ヒロド歩美が心を動かされたサッカー日本代表・塩貝健人の素顔と、話題の競技「ピックルボール」を推す理由 (2ページ目)
【異例のスピード出世、塩貝健人の有言実行】
そんな日本代表のなかで、これからが本当に楽しみだと感じているのが、今大会、期待の若手のひとりだった塩貝健人選手(21歳)です。今大会では、グループステージ初戦のオランダ戦で途中出場してワールドカップデビュー。そんな塩貝選手には、開幕前にインタビューをさせていただきました。
塩貝選手の経歴は、すごく痛快で興味深いです。4年前のカタール大会の時はまだ高校生で、プロからの正式契約のオファーもゼロ。いちサッカーファンとしてワールドカップを見ていたそうです。
そこから慶應義塾大学に総合型選抜(旧AO入試)で進学すると、翌年まず特別指定選手としてJリーグ(横浜F・マリノス)デビュー。するとわずか7試合に出場したのち、「ワールドカップに行きたい。海外じゃなきゃダメだ」と、大学を休学してオランダ(NECナイメヘン)へ渡り、今年1月にはドイツのヴォルフスブルクへ移籍......。自らの力で道を切り拓いてきました。その人生プランの立て方が、すごく客観的で冷静なんです。
塩貝選手の発言はメディアで取り上げられることもあり、「ビッグマウス」と捉えられがちです。ただ、私はそうした表現はしたくありません。キャッチーな強い言葉を発するのは、自分自身に発破をかけるため。努力を淡々と重ねてきているからこそ、あえて高い目標を口にして自らを奮い立たせるタイプなのだと私は思います。
ブラジル戦の前後で彼の強気な発言の一部だけが切り取られてしまった時は、私自身、少しもどかしかったです。彼の真意を理解したうえで、「こういう選手こそ応援したい!」という気持ちが強くなりました。

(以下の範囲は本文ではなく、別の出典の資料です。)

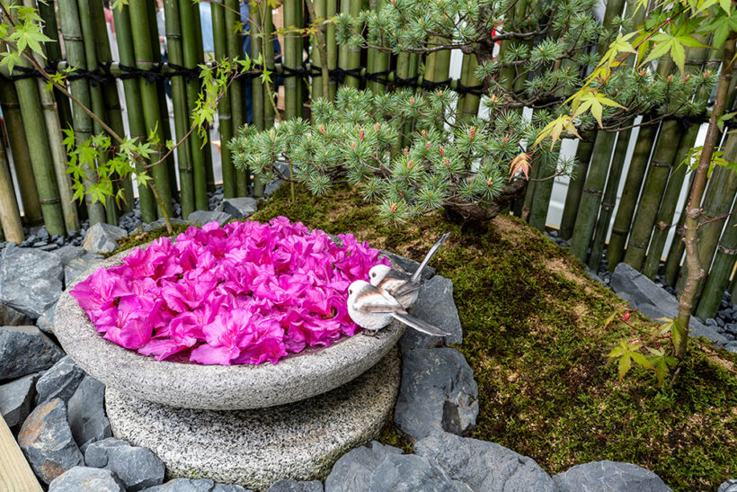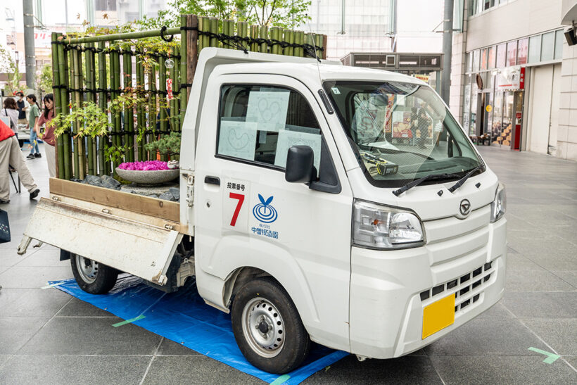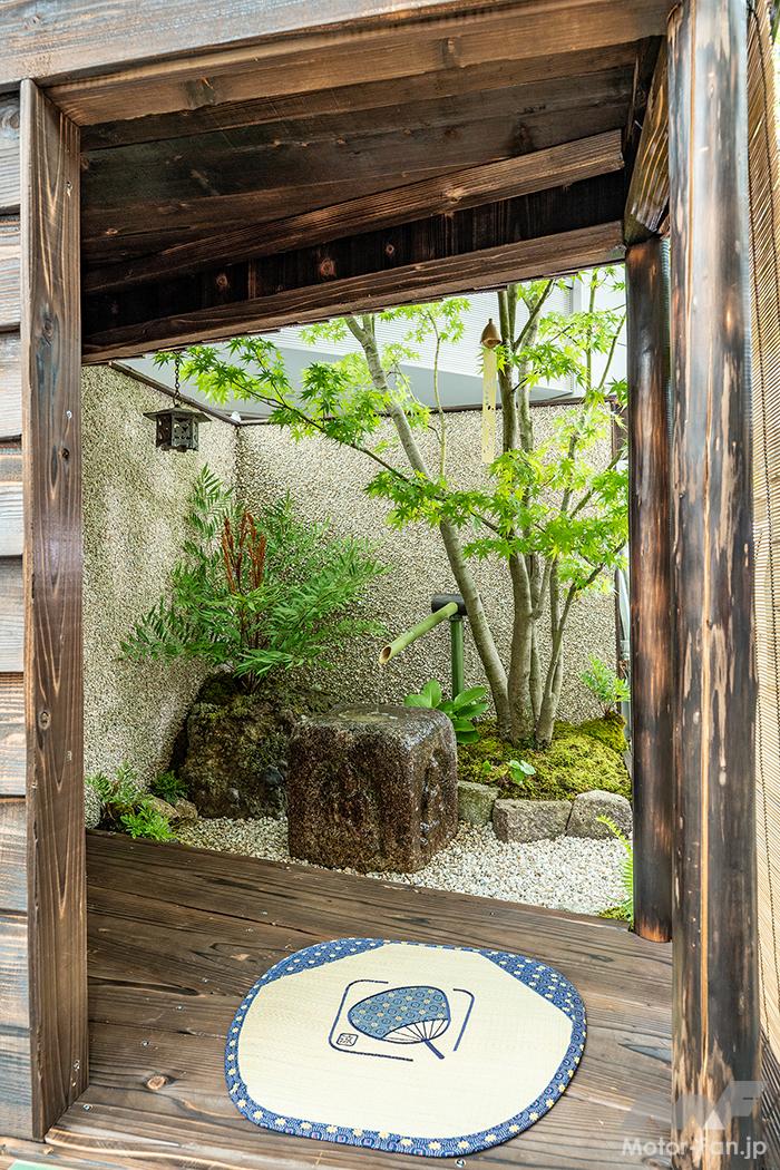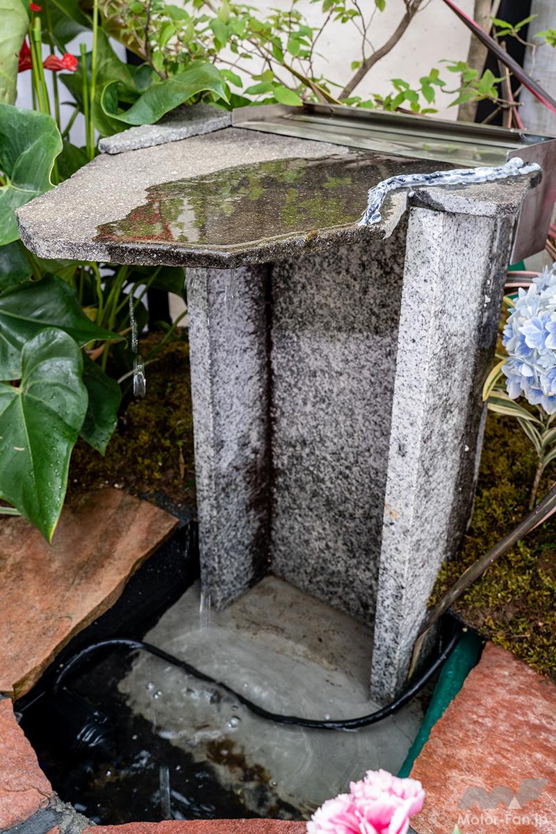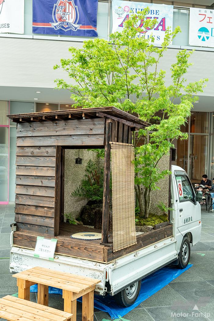 オフ会 【軽トラ庭園】美しすぎる和洋一体!? えっ軽トラックの荷台が植木鉢ってどういうこと?〘前編〙【写真・2枚目】 アンスリウムにカーネーション、アジサイにカスミソウ。コンセプトを理解したうえで庭園を眺めると和洋の一体化がよく分かる。 庭園の中央には水を循環させて水滴を滴らせ、ゆっくりと時の流れを刻むオブジェを設置。眺めているだけで心の平穏が得られそう。 DA16T CARRY西田幸寿園さん改めてハードに使い込まれた軽トラを見ていると日本の産業の裏側を陰ながら支えてくれているんだなぁと感慨もひとしお。 S500 HIJET中曽根造園さん運転席の窓ガラスには段階を追って構想を深めていった図面が掲載されており、実際の作品と見比べて感心するギャラリーさんもいらっしゃいました。 背後に建っている施設の建物が軽トラ庭園の壁および柵のデザインと似通っている辺り、なんか持ってるなーって感じですよね。 石垣とは異なる質感を持った船のような形状をした石は中央の凹みに水が張っていて、さり気なく花が浮いておりました。 DA16T CARRY光地園さん仕事柄、造園業のみなさんは軽トラの1台や2台は保有しているそうで、そこから軽トラ庭園の構想が生まれたらしいですよ。 四方を壁面で囲っているせいなのか、なぜか利休の茶室をイメージしてしまう。でも、部屋の中に木が生えてるんですよね。 S500 HIJET城造園さん庭園を構成している壁が見切れちゃってるじゃないですか。一応、車両が確認できるよう資料代わりに撮っておいたんですよー。 目に入るのはドス黒い玄武岩とカチ割られたベーコンのような樹木。見れば見るほど味わい深く感じてくるのは自分だけでしょうか!? 玄武岩以外にも岐阜の新白川砂利や香川の庵治石、能登の六方石などを敷き詰め、杉苔やヤブコウジで彩りを添えている。 DA16T CARRY 光地園さん仕事柄、造園業のみなさんは軽トラの1台や2台は保有しているそうで、そこから軽トラ庭園の構想が生まれたらしいですよ。 カッコーン…と日本庭園には欠かすことの出来ないシシオドシ(注:この竹筒は可動しません)なテイストも味わい深いコンテンツ。 TT2 SAMBAR/森新樹園さん この画像の記事を読む
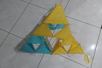最后上完课程,再做完剩下的12个小型正四面体风筝,并做成三个中型正四面体风筝,再组成一个大型的正四面体风筝。中间过程没办法拍照,因为胖比(6Y5M)从剪麻绳到绑吸管,已经做了90分钟了,差不多到极限了,开始呼叫妈妈「我需要帮忙~~」,所以妈妈最后也是舍命陪胖子(子念三声)。一起分工合作,大约一个小时完工: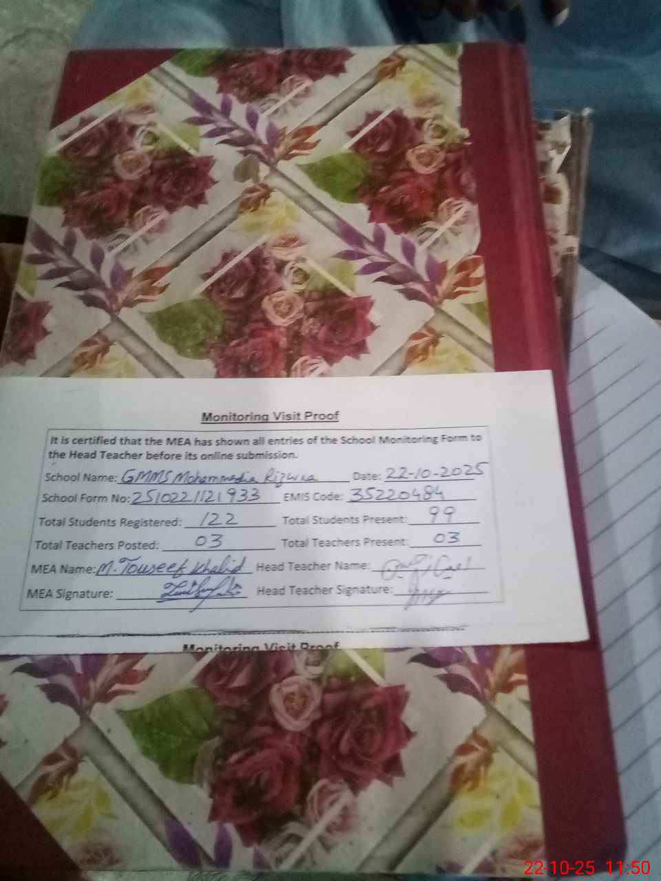 | EMIS Code: 35220484 | Name of School: GMMS MOHAMMADIA RIZVIA AKRAM PARK SANDA KHURD LAHORE | |||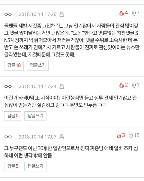 제발 너희들의 팬심으로 가장한 행동이 민폐라는것좀 알았으면 좋겠다 인기 많으면 저절로 순위는 오른다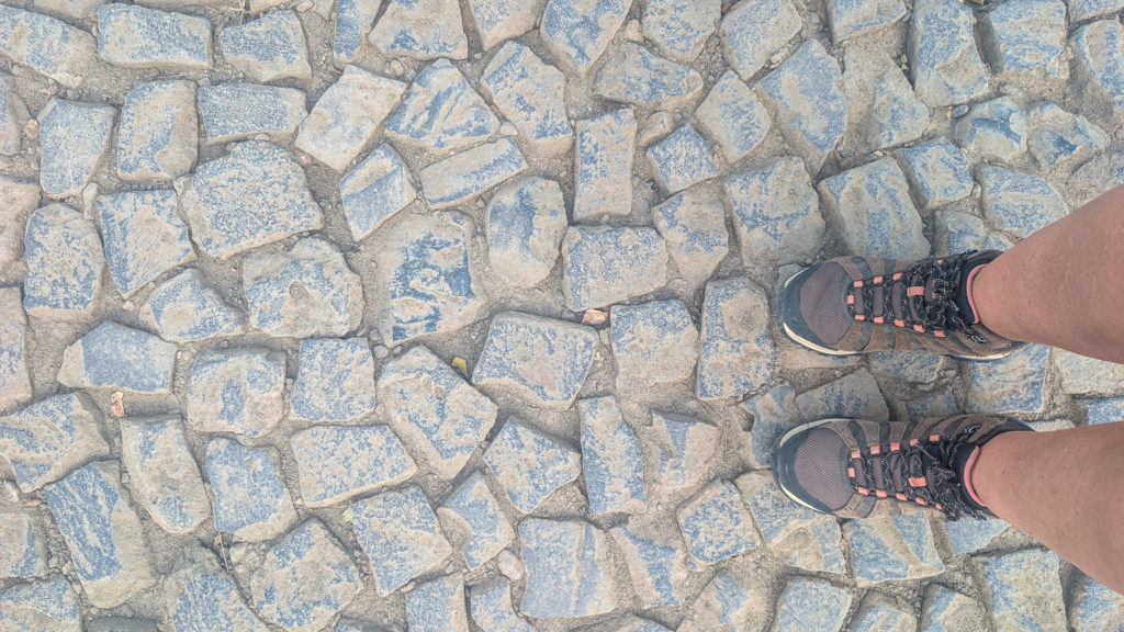 Les rues pavées ne sont pas lisses et régulières comme en Europe : pierres triangulaires, carrées, inégales, à des hauteurs différentes. Même avec mes chaussures de rando, ce n’était pas agréable.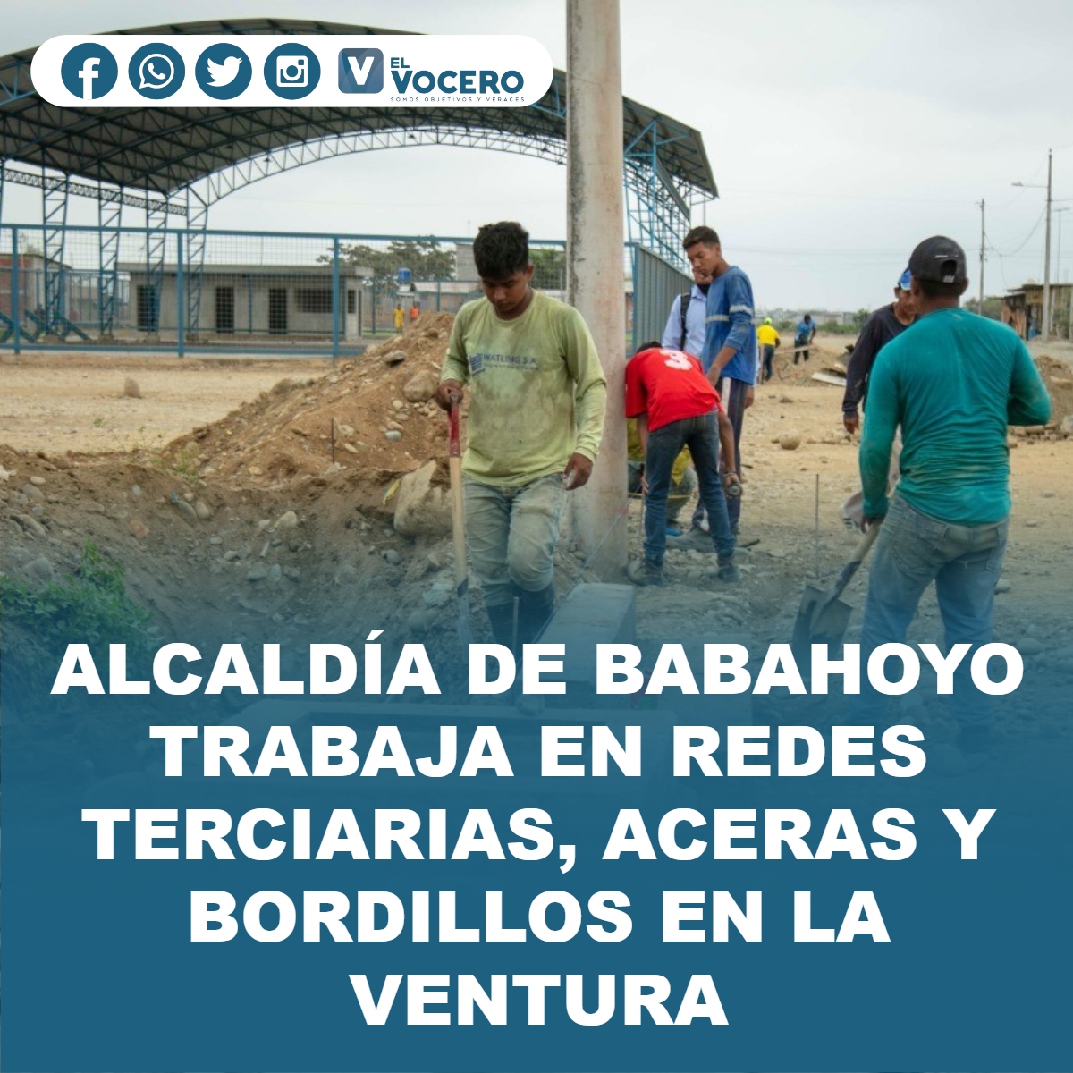 Con el propósito de conectar las redes terciarias (domiciliarias) al sistema de colectores y así facilitar un pleno enlace con la planta de tratamiento de aguas servidas, el trabajo de la Alcaldía de Babahoyo, será llevar un gran beneficio a las familias que habitan en la ciudadela La Ventura.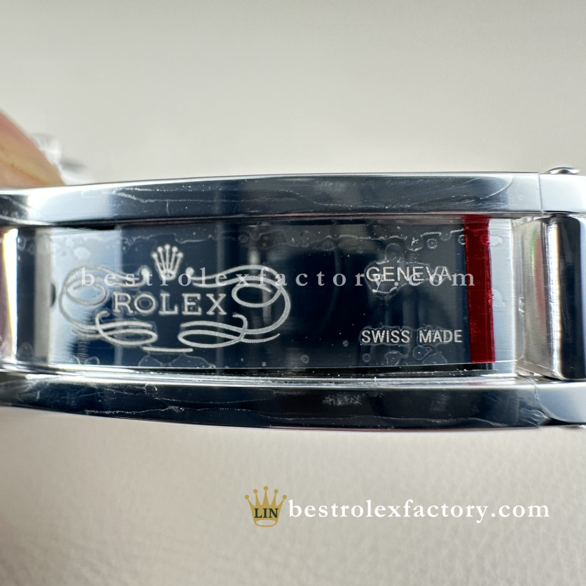 - Perfect “Rolex Rolex Rolex” rehaut engraving with exact alignment to hour markers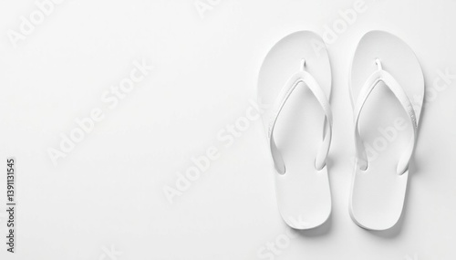 Pair of white flip-flops, studio shot on white background , minimalist, footwear product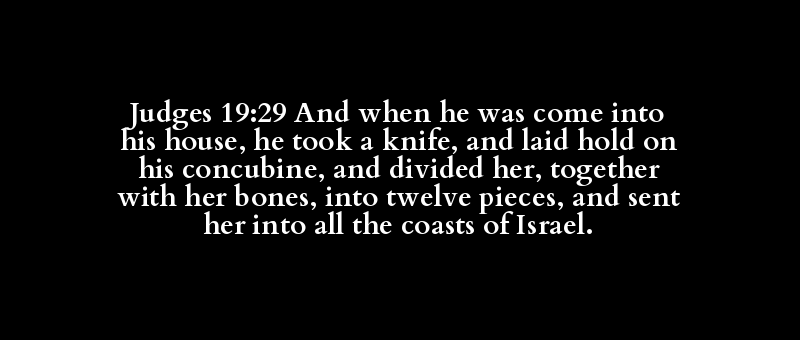 Judges 19:29 And when he was come into his house, he took a knife, and laid hold on his concubine, and divided her, together with her bones, into twelve pieces, and sent her into all the coasts of Israel.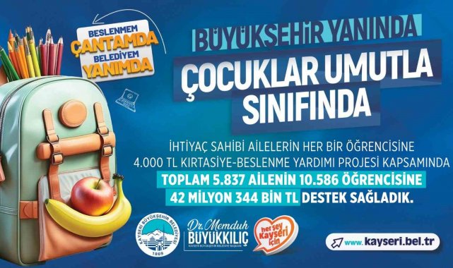 Öğrenci ve genç dostu hizmetleri ile gönüllere dokunarak Cumhurbaşkanı Recep Tayyip Erdoğan'ın elinden Genç Dostu Şehir Ödülü'nü alan Kayseri Büyükşehir Belediye Başkanı Dr. Memduh Büyükkılıç, eğitime ve öğrencilere güçlü desteğini sürdürüyor. Bu kapsamda Büyükşehir Belediyesi tarafından geçtiğimiz eğitim-öğretim yıllarında kırtasiye desteği olarak hayata geçirilen proje, 2025-2026 eğitim öğretim yılında da Başkan Büyükkılıç'ın talimatlarıyla 'beslenmem çantamda, belediyem yanımda' sloganı ile beslenme ve kırtasiye desteği olarak uygulandı.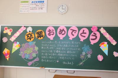 6年生教室には、担任からの心のこもったメッセージが書かれていました。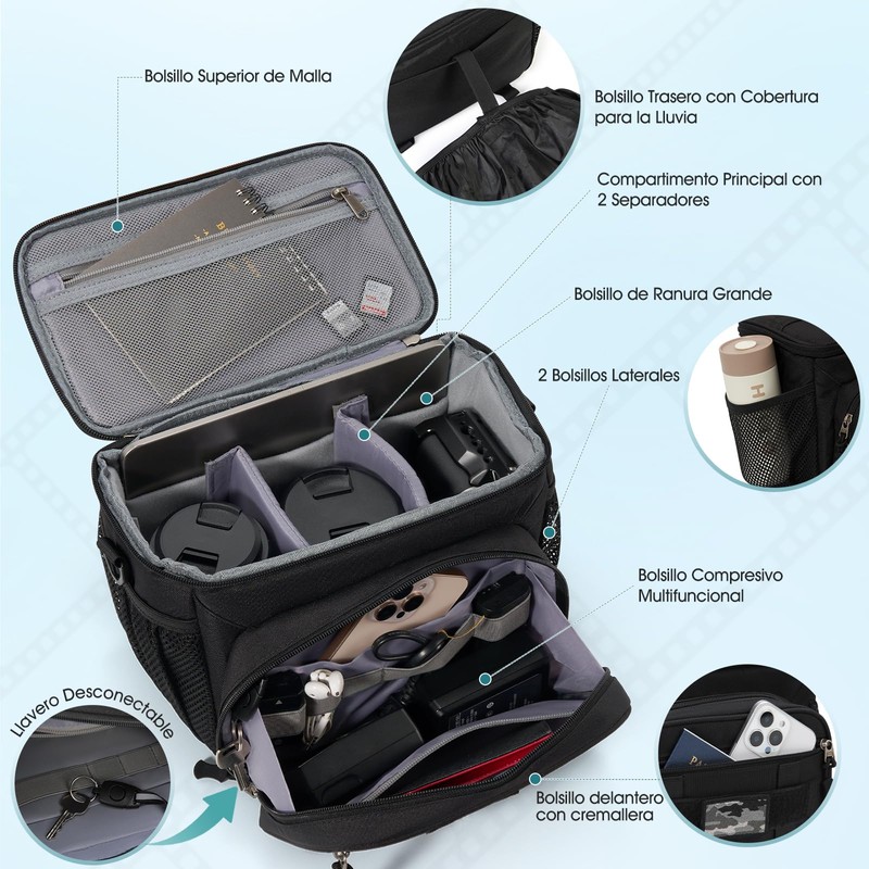 - Bolsillo Multifuncional: Bolsa camara el espacio exterior incluye un bolsillo con cremallera delantera, un bolsillo multifuncional comprimido, dos bolsas de malla lateral y una bolsa trasera con capucha. Estuche camara el espacio interior tiene bolsillos de malla superior, un gran bolsillo de ranura cerca del compartimento principal, un compartimento principal,todo tipo de bolsillos prácticos para facilitar la colocación de tus artículos.

今年3月、代表初招集となった国際親善試合のスコットランド戦では、塩貝選手はわずか15分という出場時間で決勝ゴールをアシストし、一気にワールドカップメンバー入りを射止めました。短い時間で結果を残す、そんな"持っている"塩貝選手が、ここからの4年間でどれほどパワフルなストライカーに成長するのか。本人の口から出た言葉の「答え合わせ」をしていくのが、今から楽しみです。